FYI, in more modern models, we use RMSNorm (root mean square normalization) which does not center on the mean and does not use bias. This method is a bit faster in terms of computation, and it works better for deeper networks.
Causal Self Attention (transformer block)

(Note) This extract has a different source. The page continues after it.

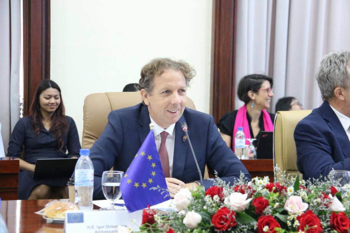 កិច្ចប្រជុំនេះ ប្រារព្ធ ក្រោមអធិបតីភាព ឯកឧត្តម ឈៀង យ៉ាណារ៉ា ទេសរដ្ឋមន្រ្តីទទួលបន្ទុកបេសកកម្មពិសេស អនុប្រធានទី២ នៃក្រុមប្រឹក្សាអភិវឌ្ឍន៍កម្ពុជា (CDC) និងឯកឧត្តម Igor Driesmans ឯកអគ្គរដ្ឋទូតនៃសហភាពអឺរ៉ុប ព្រមទាំងមានការចូលរួមពីអន្តរក្រសួងពាក់ព័ន្ធ ជាមួយនឹងប្រតិភូសហភាពអឺរ៉ុបប្រចាំកម្ពុជា និងបណ្តាប្រទេសជាសមាជិកសហភាពអឺរ៉ុប ជាច្រើនរូប៕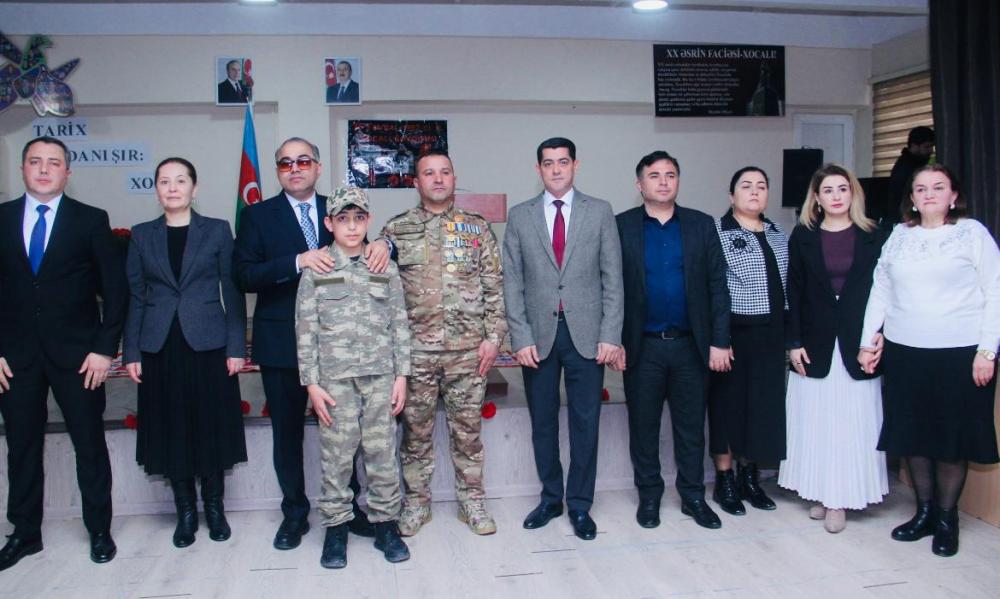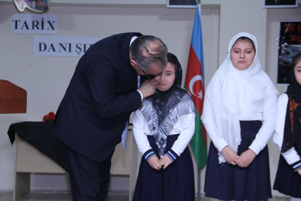 Tədbirdə məktəbin direktoru Nəriman Mürsəliyev 34 il əvvəl erməni separatçıları tərəfindən törədilmiş Xocalı soyqırımı barədə məlumat verərək, bu faciənin qisasının artıq alındığını qeyd edib.

This is where the serious things begin!
We start by applying 3 linear transformations (weight * input + bias) to our input embeddings to get query, key and value matrices.
Query
| 15496 | 11 | 314 | 1101 | 257 | 3303 | 2746 | 11 |
|---|---|---|---|---|---|---|---|
| 0.12 | -0.21 | 0.35 | -0.15 | 0.05 | 0.62 | -0.28 | 0.03 |
| -0.30 | 0.25 | 0.14 | 0.48 | -0.22 | -0.05 | 0.07 | -0.12 |
| 0.65 | -0.12 | -0.18 | 0.08 | 0.33 | 0.15 | 0.52 | 0.06 |
| -0.02 | 0.39 | 0.67 | -0.34 | 0.22 | -0.36 | 0.06 | -0.05 |
| -0.07 | -0.01 | 0.04 | 0.58 | -0.36 | 0.17 | -0.15 | 0.16 |
| 0.92 | -0.24 | 0.05 | -0.02 | 0.03 | 0.38 | 0.45 | 0.02 |
Key
| 15496 | 11 | 314 | 1101 | 257 | 3303 | 2746 | 11 |
|---|---|---|---|---|---|---|---|
| 0.18 | -0.09 | 0.41 | -0.26 | 0.11 | 0.68 | -0.33 | 0.00 |
| -0.36 | 0.31 | 0.08 | 0.55 | -0.25 | -0.09 | 0.10 | -0.09 |
| 0.71 | -0.21 | -0.21 | 0.12 | 0.39 | 0.08 | 0.56 | 0.08 |
| -0.05 | 0.45 | 0.69 | -0.38 | 0.27 | -0.43 | 0.11 | -0.08 |
| -0.10 | -0.02 | 0.01 | 0.63 | -0.39 | 0.22 | -0.17 | 0.18 |
| 0.96 | -0.30 | 0.00 | -0.06 | 0.00 | 0.40 | 0.51 | -0.01 |
Value
| 15496 | 11 | 314 | 1101 | 257 | 3303 | 2746 | 11 |
|---|---|---|---|---|---|---|---|
| 0.15 | -0.18 | 0.38 | -0.20 | 0.08 | 0.64 | -0.31 | 0.02 |
| -0.33 | 0.28 | 0.11 | 0.52 | -0.24 | -0.06 | 0.09 | -0.11 |
| 0.68 | -0.16 | -0.20 | 0.10 | 0.36 | 0.12 | 0.55 | 0.07 |
| -0.03 | 0.41 | 0.70 | -0.36 | 0.24 | -0.40 | 0.08 | -0.06 |
| -0.08 | -0.02 | 0.03 | 0.61 | -0.38 | 0.21 | -0.18 | 0.17 |
| 0.95 | -0.26 | 0.03 | -0.03 | 0.02 | 0.41 | 0.48 | 0.01 |
Then we separate the attention heads. As the size of the embeddings chosen for this example is 6, we will say that we have 2 attention heads. For each head, the size of the embeddings is 3.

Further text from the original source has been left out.